You are so right, Rev.

If there is a greater obscenity in the English language than "working poor," I don't know what it would be.

Beijing York said...

Right on, Rev.

What really gets me beyond the deprivation as a whole is the kids quoted who are upset by their parents fighting.

This is serious Social Safety Net FAIL.

(Food stuff etc. is so very important but this year, we decided to give a family with two young boys tickets to a hockey game. These kids rarely get any of the perks that other better off families get.)

Edstock said...

Right on, Rev.

Kim said...

Out of the mouthes of babes. The unadorned truth. I am not able to help this year, the best I can do is not burden them with my own needs.

Sometimes I despair that the food bank solution is a bandaid really. A feeble attempt to assuage the guilt of the well-heeled, to give them the illusion that they have helped solve the problem.
I have resorted to the food bank once this year. I am grateful for the help, but people should realize that what is distributed every week other than Christmas in no way resembles adequate nutrition, if any at all.

Edstock said...

On this Christmas day, it seems things haven't changed all that much from the days of Charles Dickens.

Noni Mausa said...

The first US foodbank, like so many other indicators that signaled the beginning of the end of the great moderation [http://bit.ly/eJaN89] cropped up in the mid-70s.

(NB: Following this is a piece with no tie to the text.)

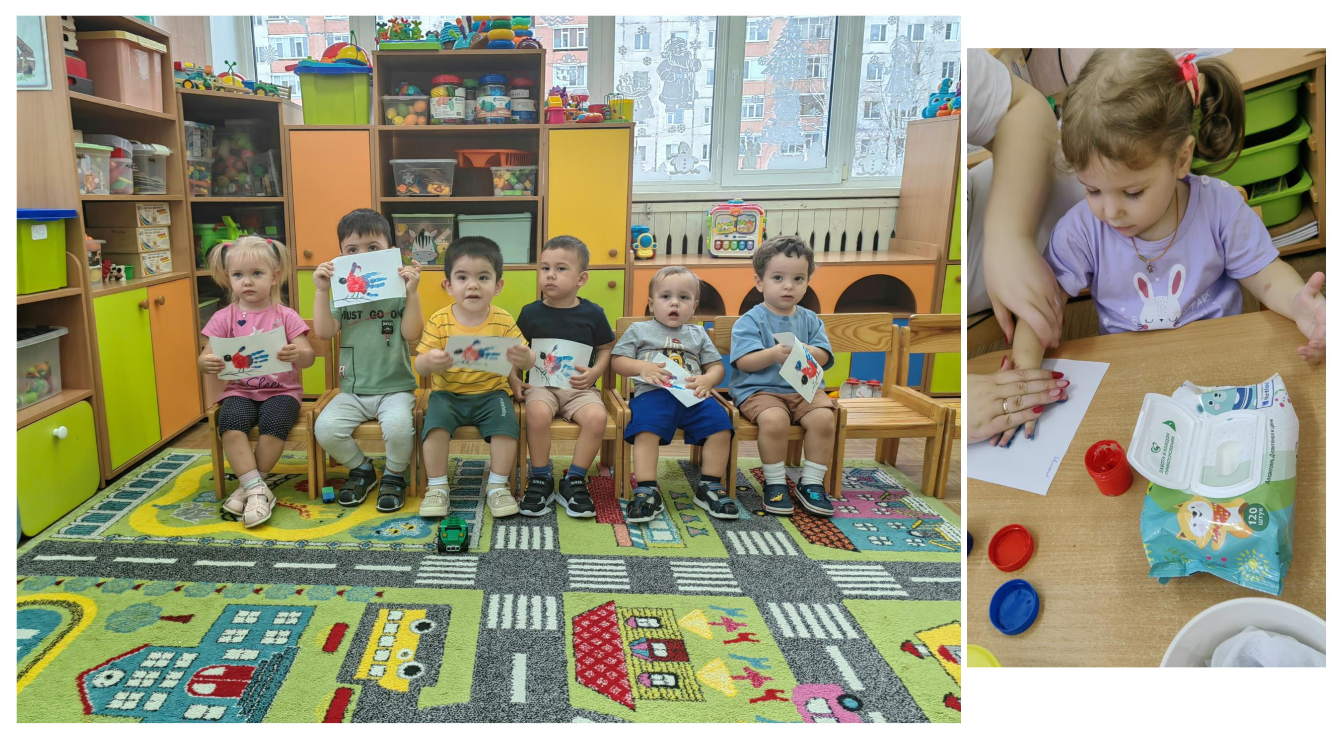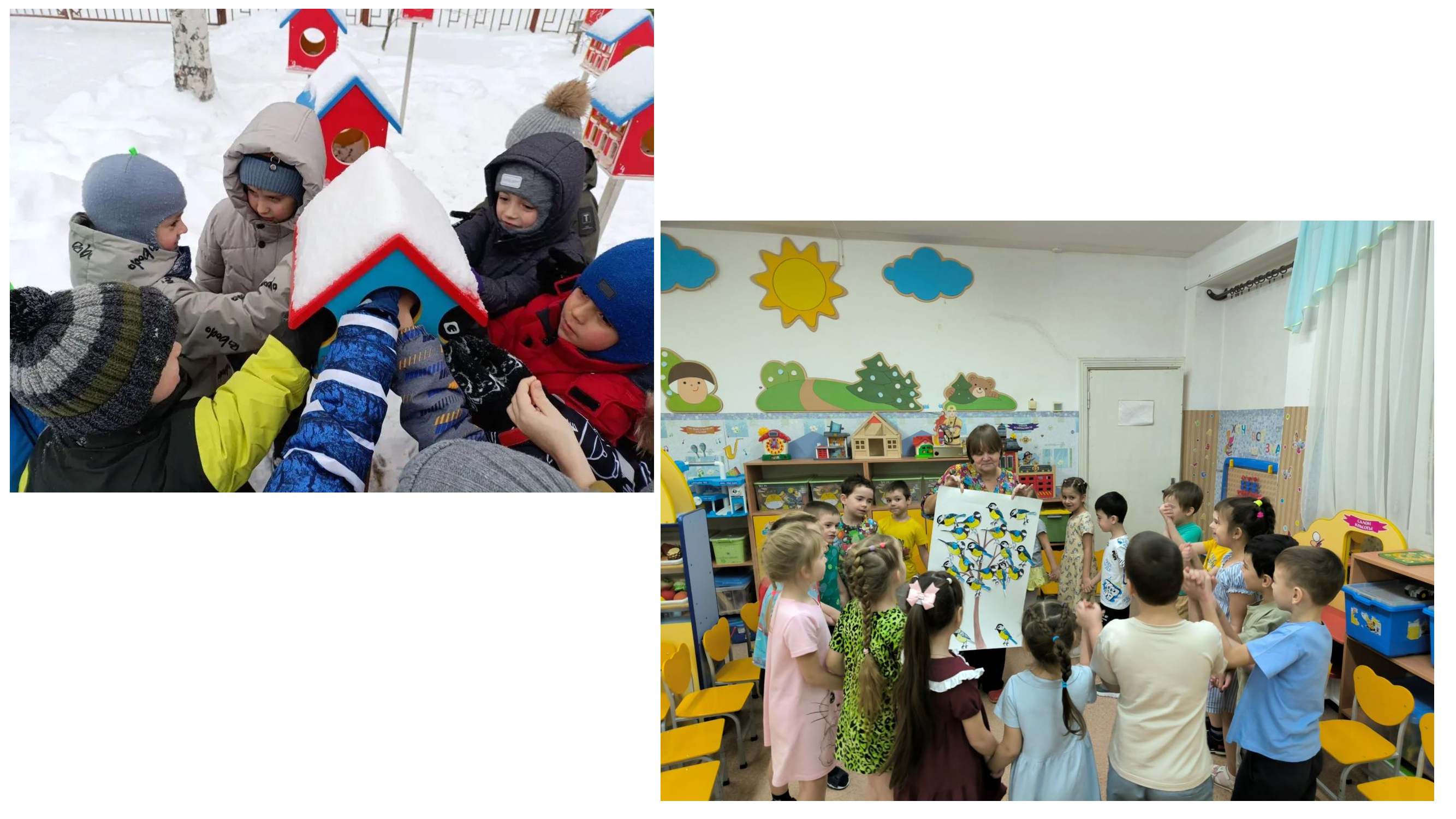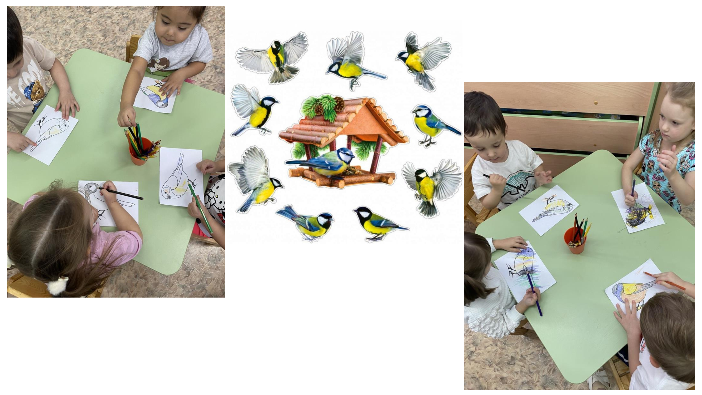 А воспитатели с ребятами групп «Пчёлка», «Красная шапочка» учились правильно и безопасно подкармливать пернатых друзей; ребята групп «Петушок», «Мальвина» и «Колобок» нарисовали рисунки «Непоседа, невеличка - желтогрудая синичка», а воспитанники группы «Красная шапочка» выполнили коллективную творческую работу «Покормите птиц зимой».

Here in Winnipeg, we have a vibrant foodbank, Winnipeg Harvest, that is perversely flourishing -- five years ago, 37,000 clients per month, and today over 50,000.

Boggles my mine why this doesn't sound huge alarm bells for more thinking people. Why aren't the foodbanks seen as a subsidy to cheapskate businesses and cheapskate social services, allowing them to continue to pay non-living incomes and force nice but rather dumb people to pick up the difference? Shameful.